Happy Monday! Mondays are a long ay for me at work. Sometimes, when scheduling kid activities, I forget this and over commit for after work on Mondays. Orthodontist at 3:30? Of course, no problem. I don’t know why I didn’t remember that we have piano on the other side of town at 4 on Mondays and The Dancer doesn’t even get out of school until 3:15. Note, she gets out at 3:15 if I’m at the very front of the carpool line and I can only be at the front of the carpool line if I arrive at about 2:45, which is the exact time that my last client is supposed to leave and when, at the same exact moment, I’m picking up Number 71. So, the front of the carpool line isn’t looking likely.
Oh Mondays.
Also, the air conditioning has gone out in my car again (for the second time in three weeks, three VERY HOT weeks) and the car is NOT THAT OLD.
I’m feeling overwhelmed and anxious just thinking about it. I know we can’t do all of these things and that I’m going to have to cancel one or more (the orthodontist is looking likely). I know it, but I’ll probably try and make all of it happen anyway. Because I don’t want to admit that it’s just not possible to actually do it all. I can already imagine what’s going to happen. I’ll agonize over it all night. Wake up stressed out at 4AM worrying about how much trouble I’m going to get in with the orthodontist.
What’s happening right now? Is it just anxiety and a tendency towards people pleasing? NO.
It’s shame. I feel ashamed that I didn’t manage the schedule better. Shame that I didn’t set better boundaries and not allow myself to schedule that one last client at 2PM (I know that time doesn’t work and I always somehow schedule it anyway). Shame is the voice in my head telling me that a more organized mother would be able to manage all of these appointments and requirements without stress or anger.
Shame makes me irritable. It makes me cranky. It makes me want to throw up a wall between myself and everyone else that says don’t look at me. That’s the point of anger as a response to shame – it stops people from seeing us, from looking too closely.

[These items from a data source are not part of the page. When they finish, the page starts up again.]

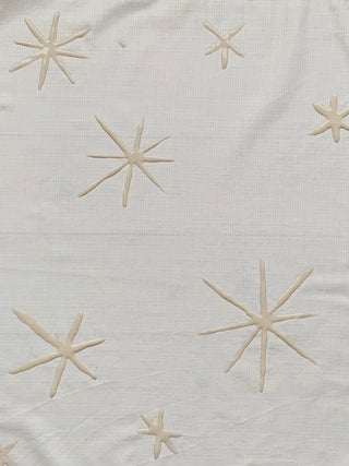In de samenwerking tussen SOAPSTAR en Ellie Evelyn Orrell werden de furoshiki met de hand beschilderd tijdens een zonnig winters weekend, net voordat de eerste sneeuw het Welsh landschap bedekte. De doeken zijn gedecoreerd met handgeschilderde sterren, geïnspireerd op Japanse symboliek. In deze culturele traditie belichamen sterren (hoshi) begeleiding en goddelijke bescherming, diep geworteld in het Tanabata-festival waar mensen wensen schrijven op delicate stukjes papier en deze ophangen aan bamboetakken onder de sterrenhemel. Elke zorgvuldig geplaatste ster vormt een harmonie met de organische variaties van de indigo verf, en weeft een verhaal dat aardse ambachtelijkheid verbindt met celestiale verbeelding – een vluchtig moment van creatieve energie, gevangen voordat de winterse stilte neerdaalt.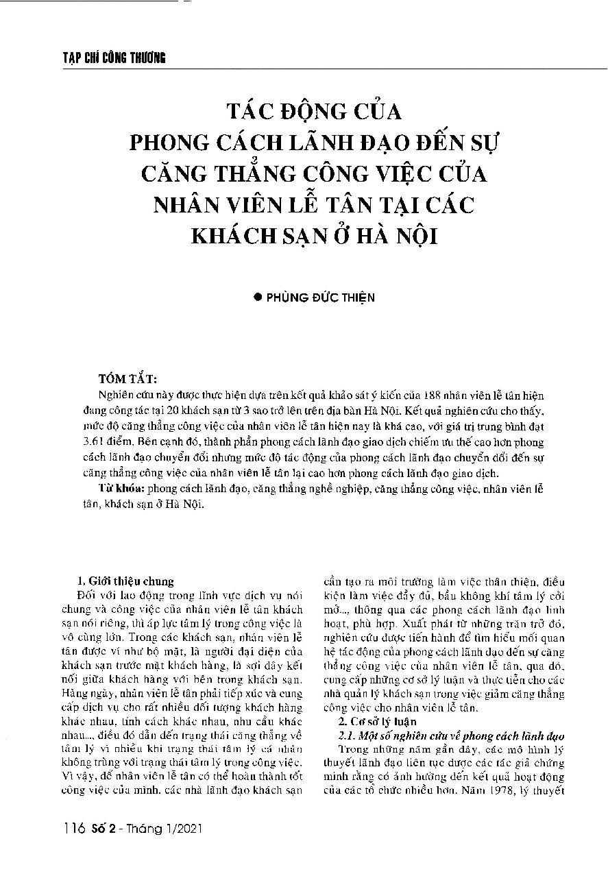 Tác động của phong cách lãnh đạo đến sự căng thẳng công việc của nhân viên lễ tân tại các khách sạn ở Hà Nội = The impacts of leadership style on the work stress of receptionists working at hotels in Hanoi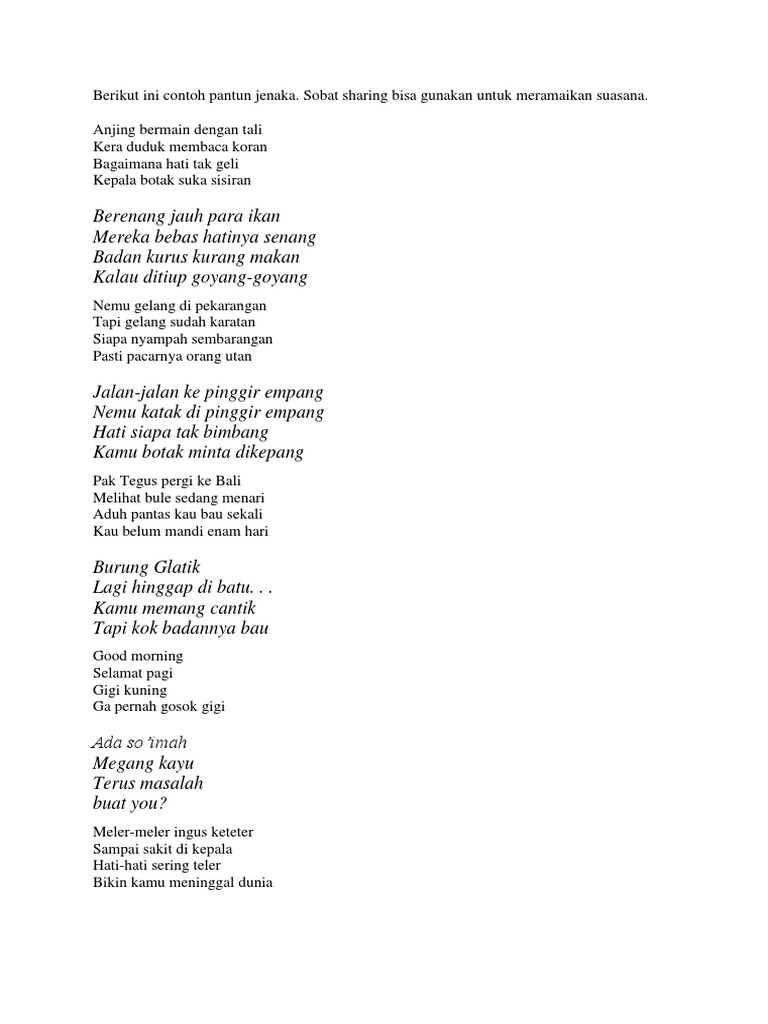 10 Contoh Pantun Jenaka Lucu Serta Pembahasannya Pinterkelas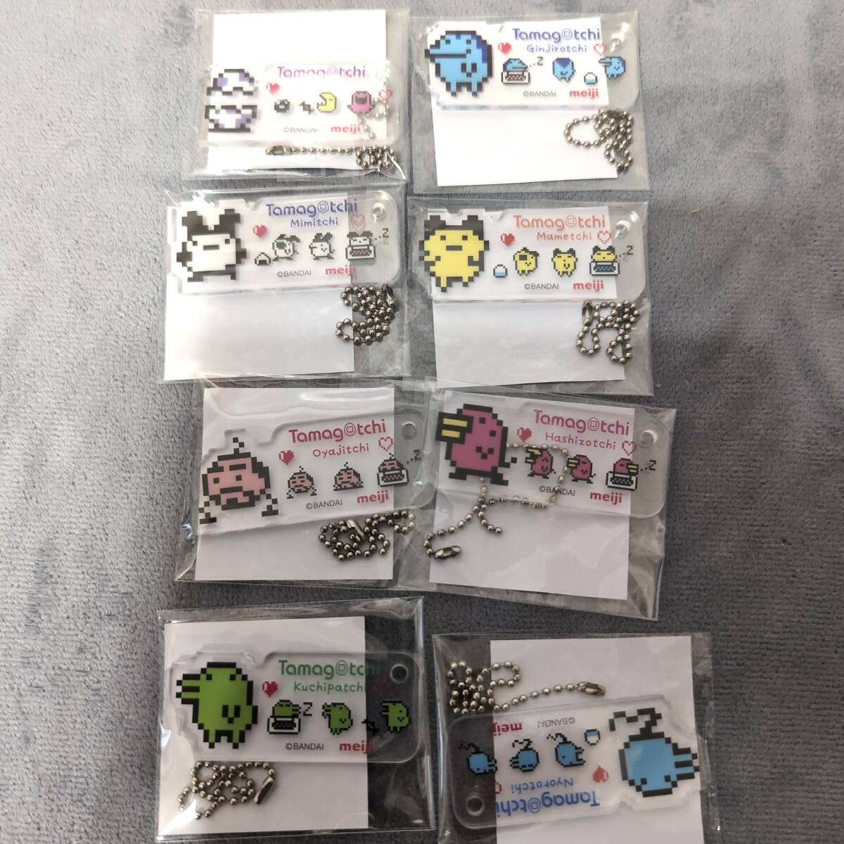 - 全8種 コンプリート たまごっち コラボセット アクリルチャーム 明治フルーツ・明治いちご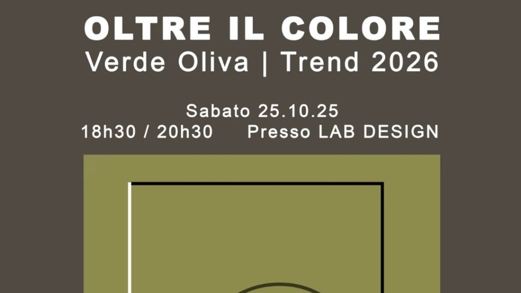 Il primo evento si terrà sabato 25 ottobre 2025 presso lo studio di architettura Lab Design di Danèa Salerno – al Viale della Vittoria 299/305 – e sarà un momento di incontro tra professionisti, aziende e pubblico, con un’esposizione di materiali, campioni e arredi ispirati alla tonalità verde oliva, protagonista delle tendenze 2026.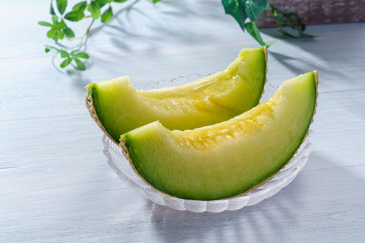 1、メロンは種を取って皮をむき、果肉だけにしてひとくち大に切る。

But it also stops us from getting help. It stops us from getting reassurance. Anger is pretty ineffective in terms of getting our needs met. The antidote to shame – according to Brene Brown, is vulnerability. It’s openness. Anger doesn’t allow me to do that, but being vulnerable does.
Another antidote to anxiety? Gratitude. I assign gratitude all the time. I ask clients to write down three things they’re grateful for every day at the end of the night. But I never do it myself. So, in a doctor heal thyself sort of thing, here are three things I’m grateful for:
- that my daughter was able to play catcher today in her softball game for the first time and that she felt good about it when she was done;
- the air conditioning that is working overtime in our house to keep it a manageable cool; and
- that my older daughter has made many good friends at her school, she can be quiet and knowing she feels accepted is such a gift.
So there’s the list. I may try and write lists every day or I may just do them in my head. I don’t want it to be a drag on my energy, but I do want to make more room for gratitude in my life. If only so that I can remind myself that the drive to the orthodontist and the piano lessons and and and shall pass one day and I will be grateful that I have had the experience.